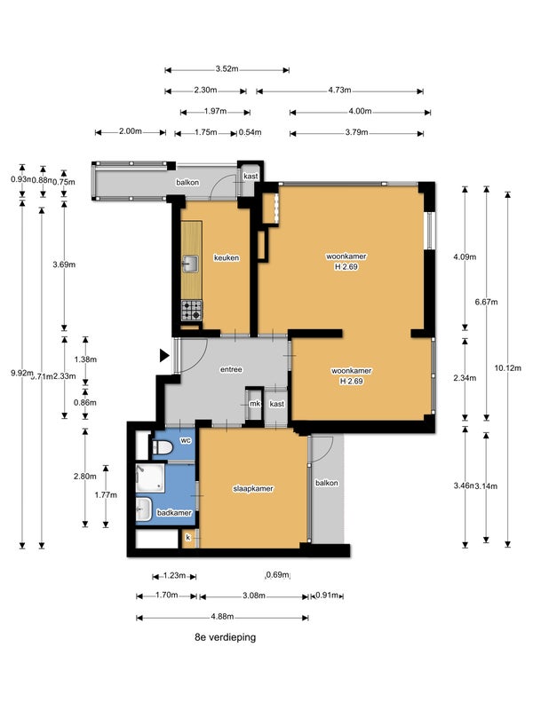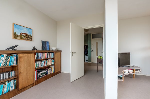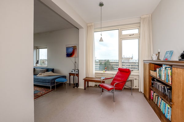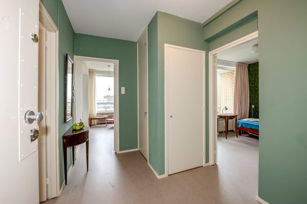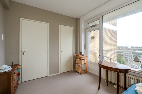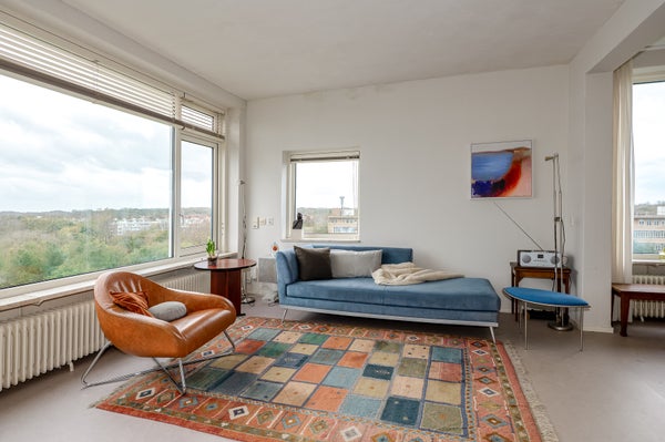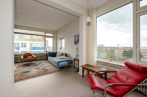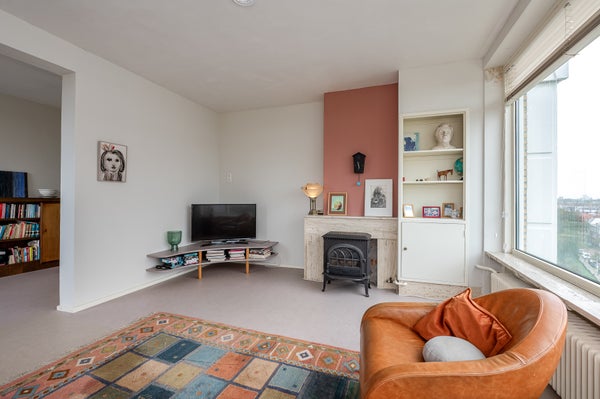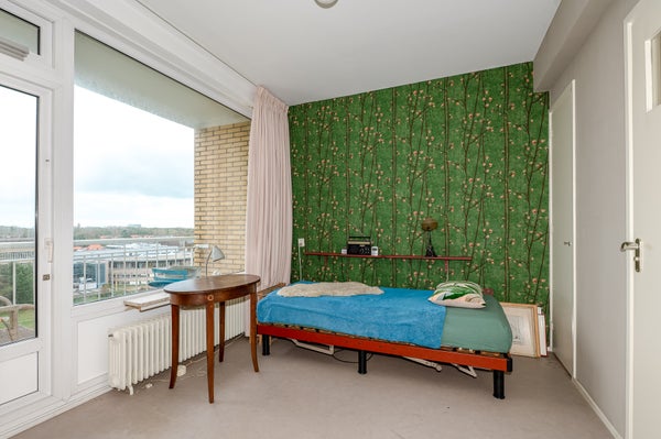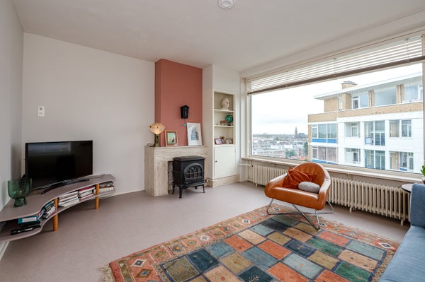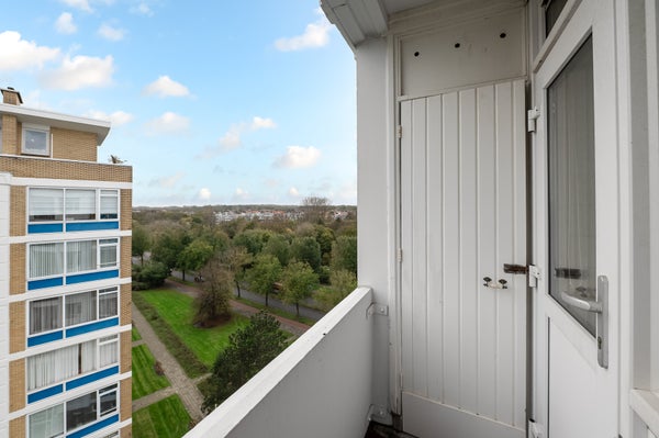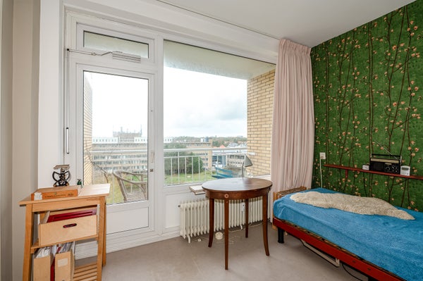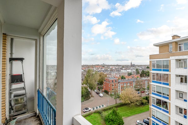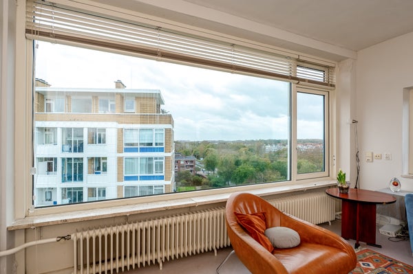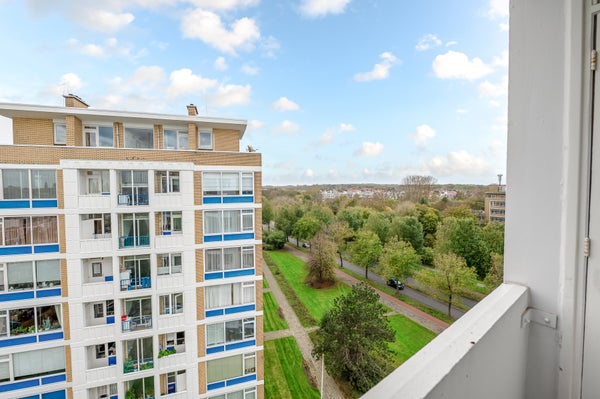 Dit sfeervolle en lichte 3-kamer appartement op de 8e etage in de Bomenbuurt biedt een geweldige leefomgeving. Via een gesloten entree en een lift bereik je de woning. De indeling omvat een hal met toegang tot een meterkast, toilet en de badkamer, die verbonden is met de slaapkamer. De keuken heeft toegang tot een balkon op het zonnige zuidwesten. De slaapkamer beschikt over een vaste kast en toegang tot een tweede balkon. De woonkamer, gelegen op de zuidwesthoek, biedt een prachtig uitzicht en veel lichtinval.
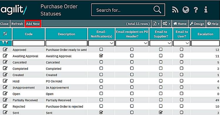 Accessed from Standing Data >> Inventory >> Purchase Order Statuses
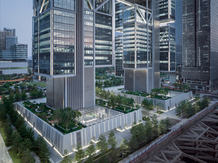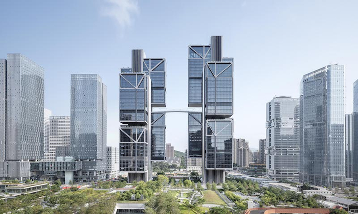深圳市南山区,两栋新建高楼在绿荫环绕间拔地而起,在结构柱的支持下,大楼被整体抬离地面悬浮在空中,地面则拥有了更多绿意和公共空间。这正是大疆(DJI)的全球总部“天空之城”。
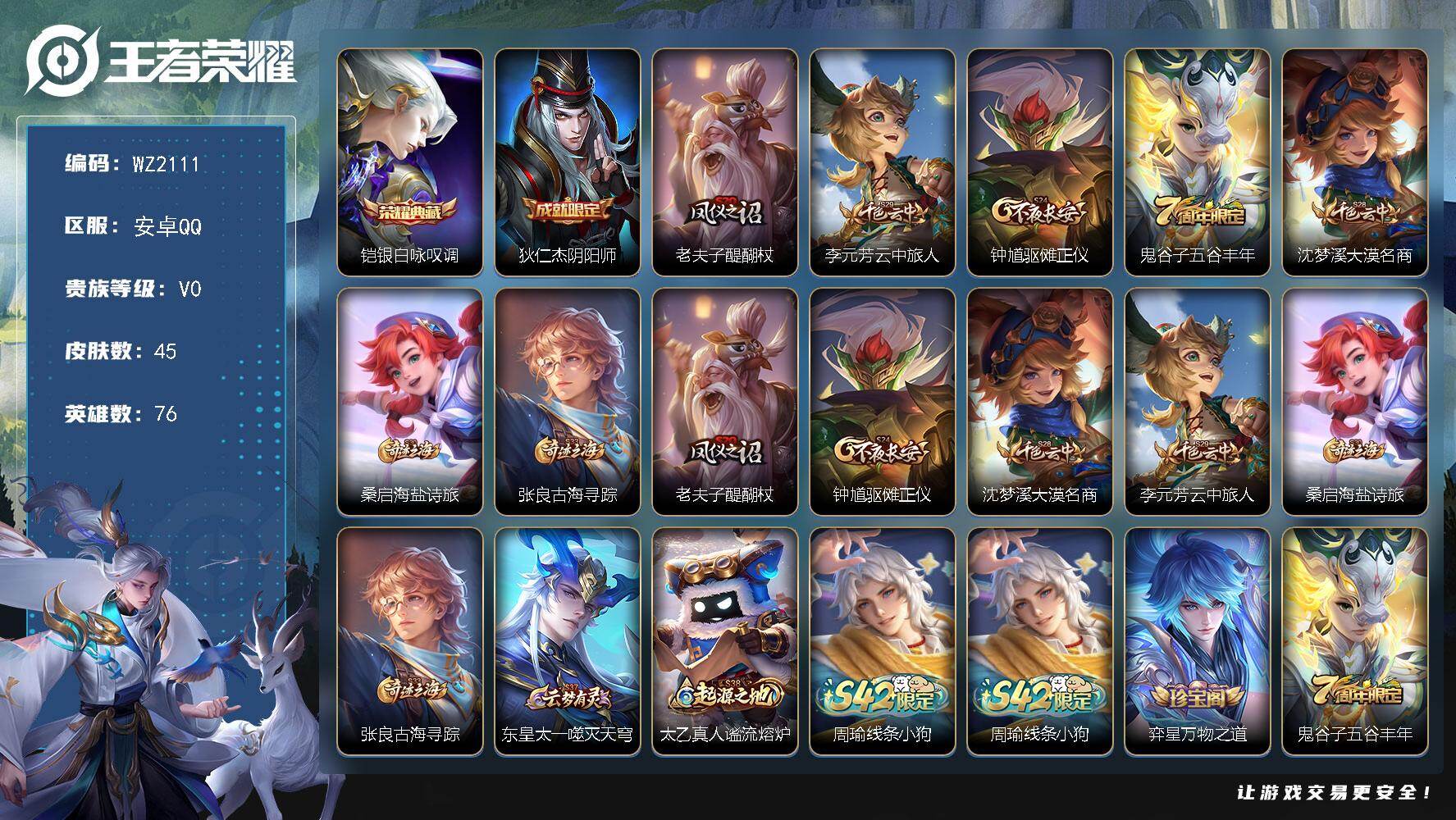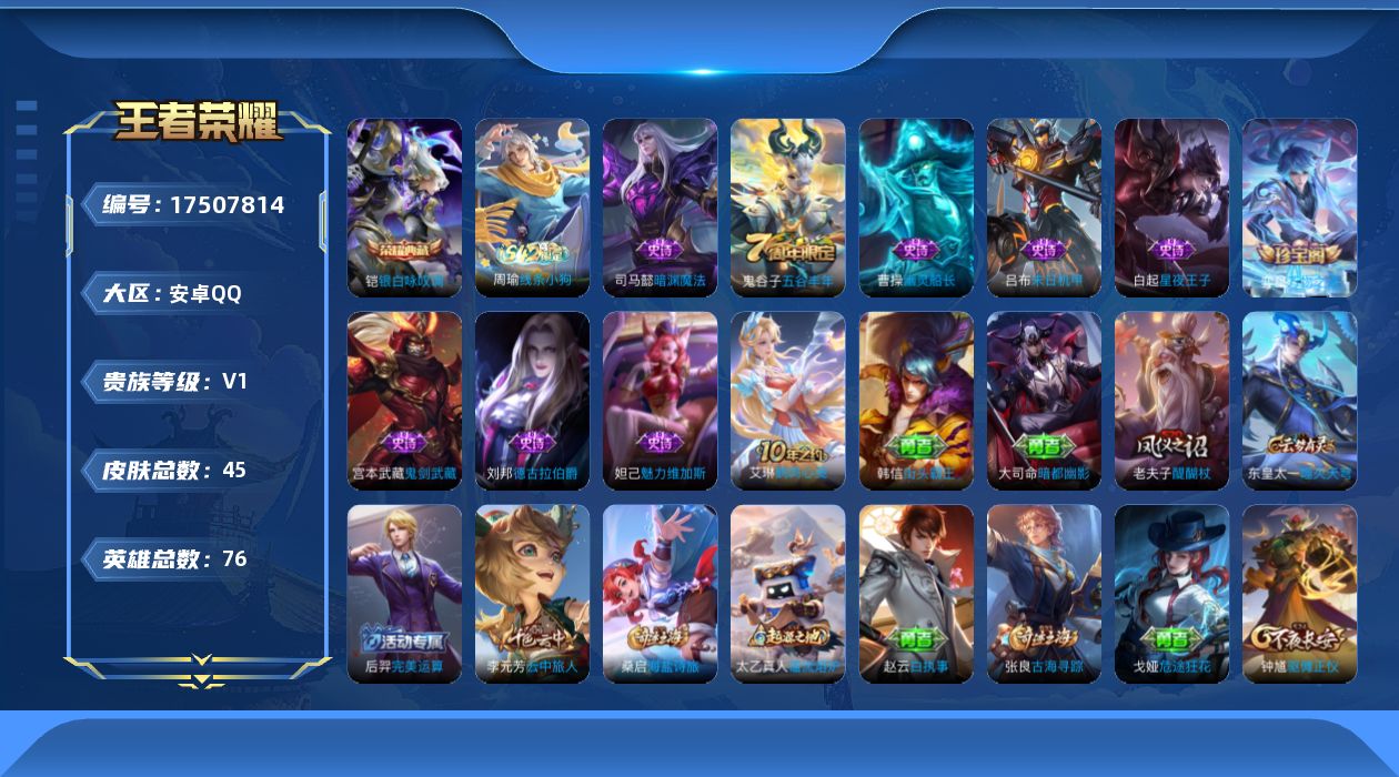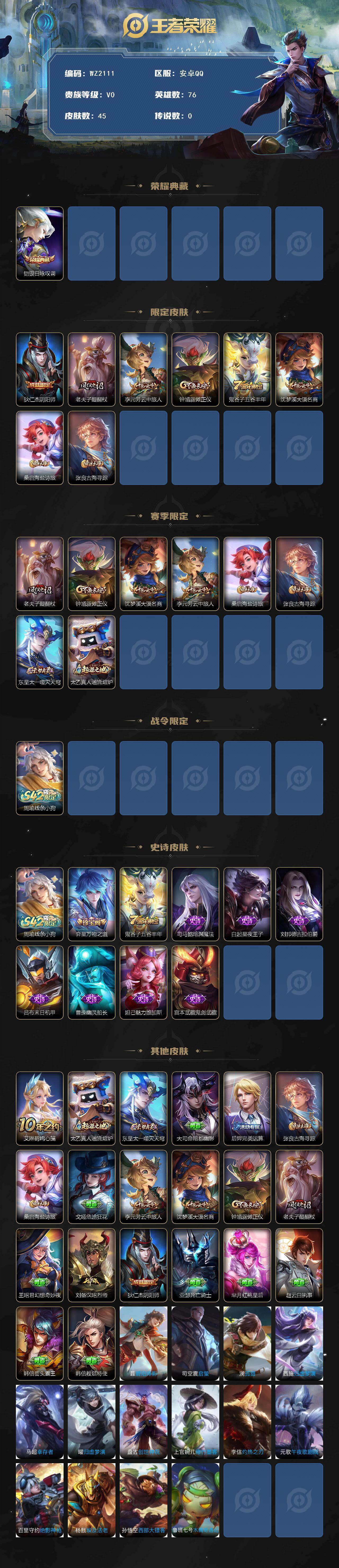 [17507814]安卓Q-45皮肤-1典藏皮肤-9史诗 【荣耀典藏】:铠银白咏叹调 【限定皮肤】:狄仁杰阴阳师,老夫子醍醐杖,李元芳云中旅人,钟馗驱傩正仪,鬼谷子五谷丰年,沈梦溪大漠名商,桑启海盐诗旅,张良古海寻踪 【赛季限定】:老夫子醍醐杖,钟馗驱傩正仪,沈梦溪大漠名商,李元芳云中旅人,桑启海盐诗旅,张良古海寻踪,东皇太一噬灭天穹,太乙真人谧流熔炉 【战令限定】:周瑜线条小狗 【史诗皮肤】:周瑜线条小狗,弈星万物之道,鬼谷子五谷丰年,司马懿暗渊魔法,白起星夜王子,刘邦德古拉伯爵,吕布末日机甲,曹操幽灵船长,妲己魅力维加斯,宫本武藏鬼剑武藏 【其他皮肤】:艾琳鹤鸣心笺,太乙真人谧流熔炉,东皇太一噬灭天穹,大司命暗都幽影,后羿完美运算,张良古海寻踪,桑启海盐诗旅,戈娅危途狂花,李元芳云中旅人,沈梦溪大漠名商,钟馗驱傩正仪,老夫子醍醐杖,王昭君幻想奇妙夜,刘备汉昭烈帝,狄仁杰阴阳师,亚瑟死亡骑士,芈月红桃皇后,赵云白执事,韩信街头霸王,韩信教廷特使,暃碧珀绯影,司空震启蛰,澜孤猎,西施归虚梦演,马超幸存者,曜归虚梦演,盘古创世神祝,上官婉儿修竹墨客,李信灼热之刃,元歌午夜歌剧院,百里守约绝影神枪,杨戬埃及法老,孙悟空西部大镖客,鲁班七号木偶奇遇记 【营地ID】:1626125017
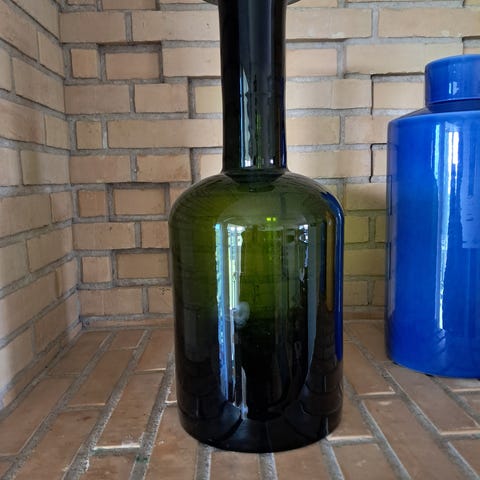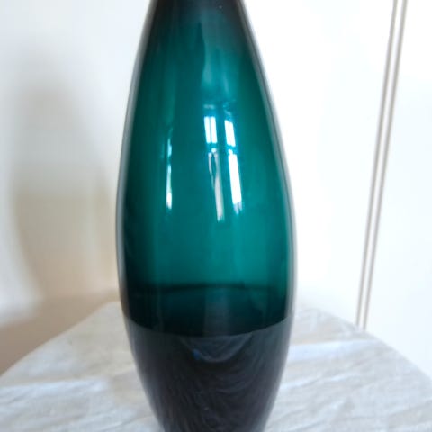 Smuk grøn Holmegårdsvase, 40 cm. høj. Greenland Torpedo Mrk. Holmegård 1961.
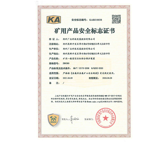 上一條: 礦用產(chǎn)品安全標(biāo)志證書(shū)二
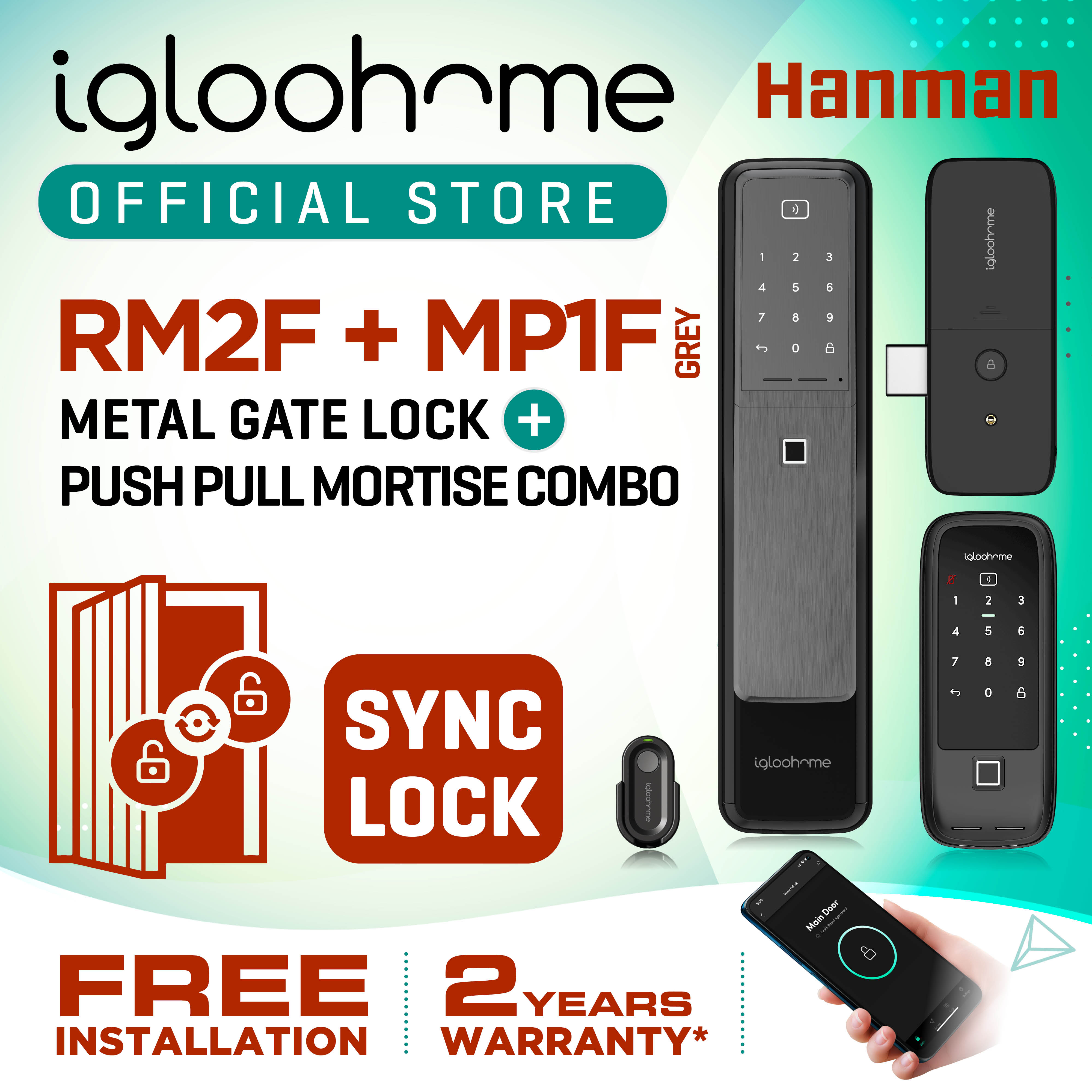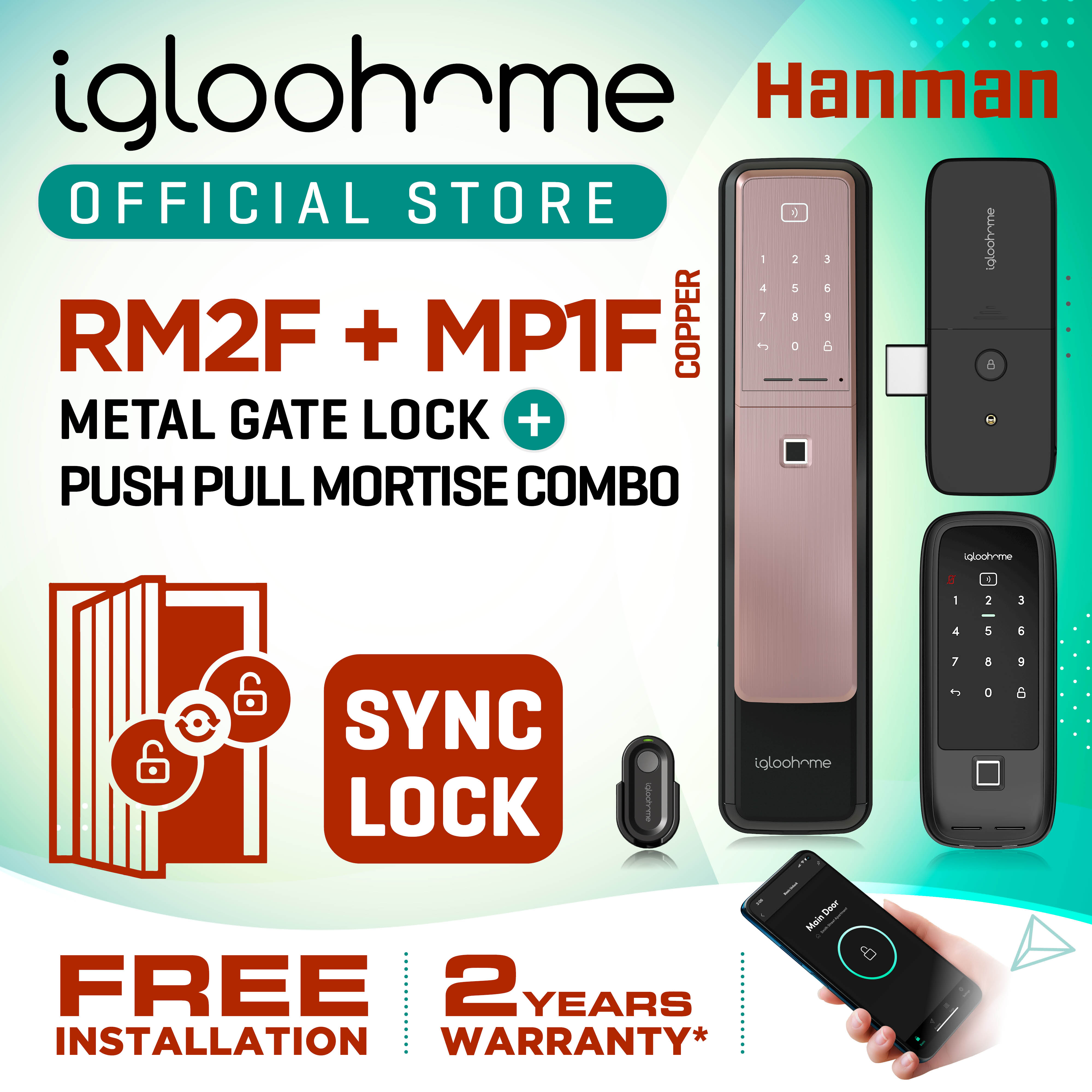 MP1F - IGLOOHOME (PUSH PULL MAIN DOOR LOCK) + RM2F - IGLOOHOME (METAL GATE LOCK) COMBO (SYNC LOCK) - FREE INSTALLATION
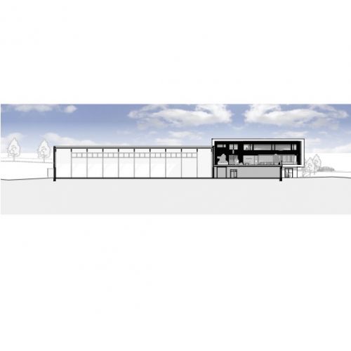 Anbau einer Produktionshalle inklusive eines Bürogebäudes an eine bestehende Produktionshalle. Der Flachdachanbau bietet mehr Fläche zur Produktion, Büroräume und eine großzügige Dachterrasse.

----------

Repeat exactly the lines in the entries from the one containing "MP1F - IGLOOHOME" to the final line, inclusive, and nothing beyond them; skip pictures.

 MP1F - IGLOOHOME (PUSH PULL MAIN DOOR LOCK) + RM2F - IGLOOHOME (METAL GATE LOCK) COMBO (SYNC LOCK) - FREE INSTALLATION
 Anbau einer Produktionshalle inklusive eines Bürogebäudes an eine bestehende Produktionshalle. Der Flachdachanbau bietet mehr Fläche zur Produktion, Büroräume und eine großzügige Dachterrasse.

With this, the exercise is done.